--- START ---

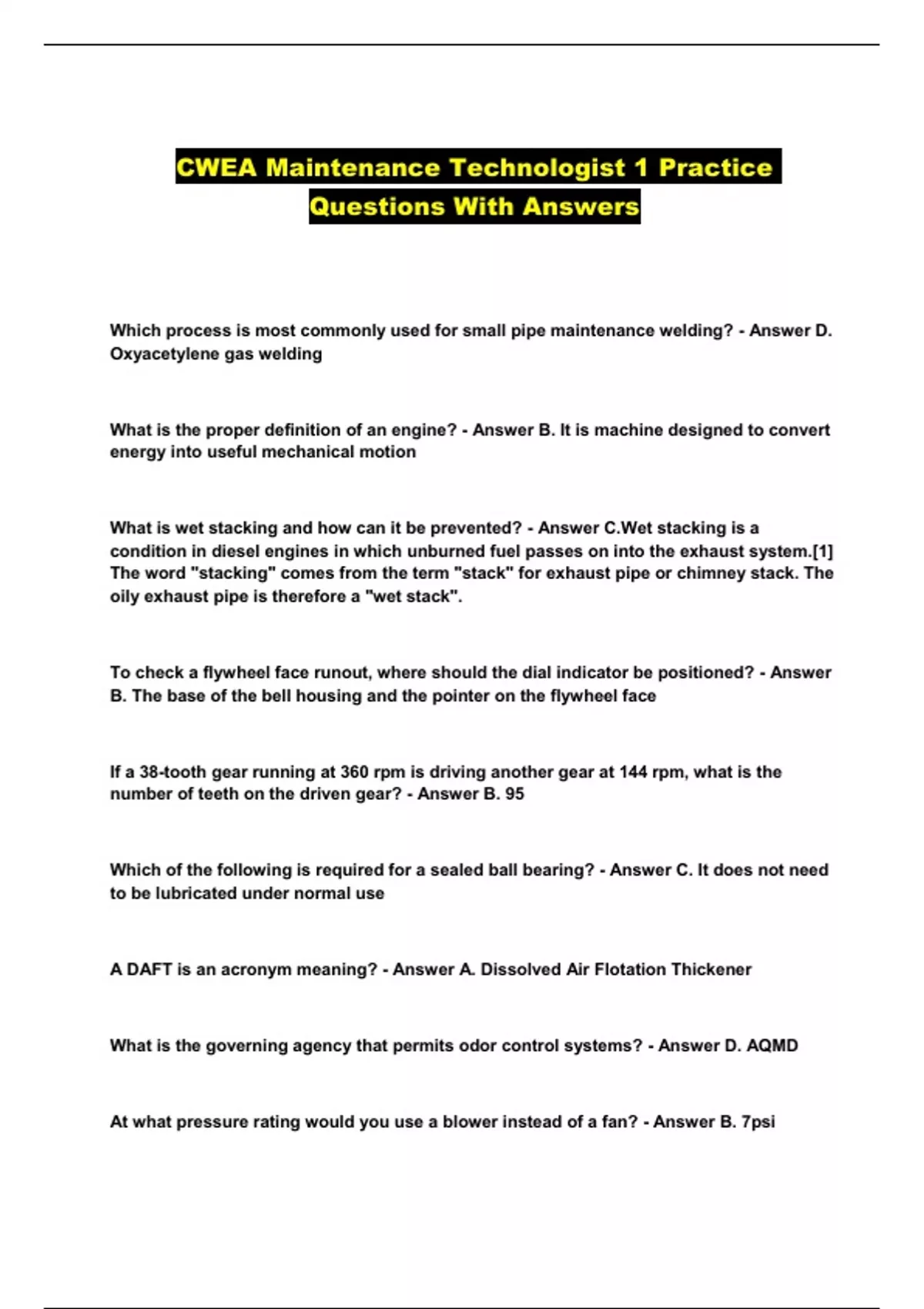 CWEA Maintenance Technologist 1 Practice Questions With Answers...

--- END ---
--- START ---

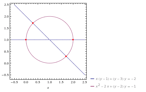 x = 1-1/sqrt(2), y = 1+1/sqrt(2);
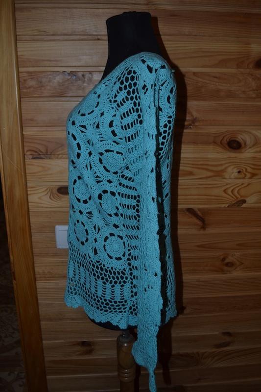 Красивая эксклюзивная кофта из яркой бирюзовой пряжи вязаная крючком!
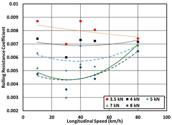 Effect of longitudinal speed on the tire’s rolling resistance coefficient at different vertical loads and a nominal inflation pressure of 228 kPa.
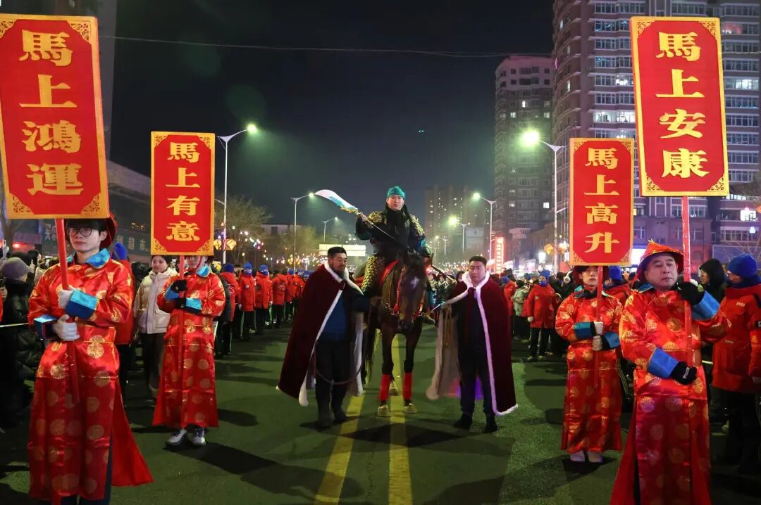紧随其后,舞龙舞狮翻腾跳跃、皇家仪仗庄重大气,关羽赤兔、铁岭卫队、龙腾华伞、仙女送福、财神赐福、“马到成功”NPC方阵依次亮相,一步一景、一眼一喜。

--- END ---

*What this task involves*:
Return exactly the part of the listing above that opens with the line containing "Красивая эксклюзивная кофта" and closes with the line containing "紧随其后,舞龙舞狮翻腾跳跃、". Pictures stay out.

*Result of this task*:
 Красивая эксклюзивная кофта из яркой бирюзовой пряжи вязаная крючком!
 Effect of longitudinal speed on the tire’s rolling resistance coefficient at different vertical loads and a nominal inflation pressure of 228 kPa.
紧随其后,舞龙舞狮翻腾跳跃、皇家仪仗庄重大气,关羽赤兔、铁岭卫队、龙腾华伞、仙女送福、财神赐福、“马到成功”NPC方阵依次亮相,一步一景、一眼一喜。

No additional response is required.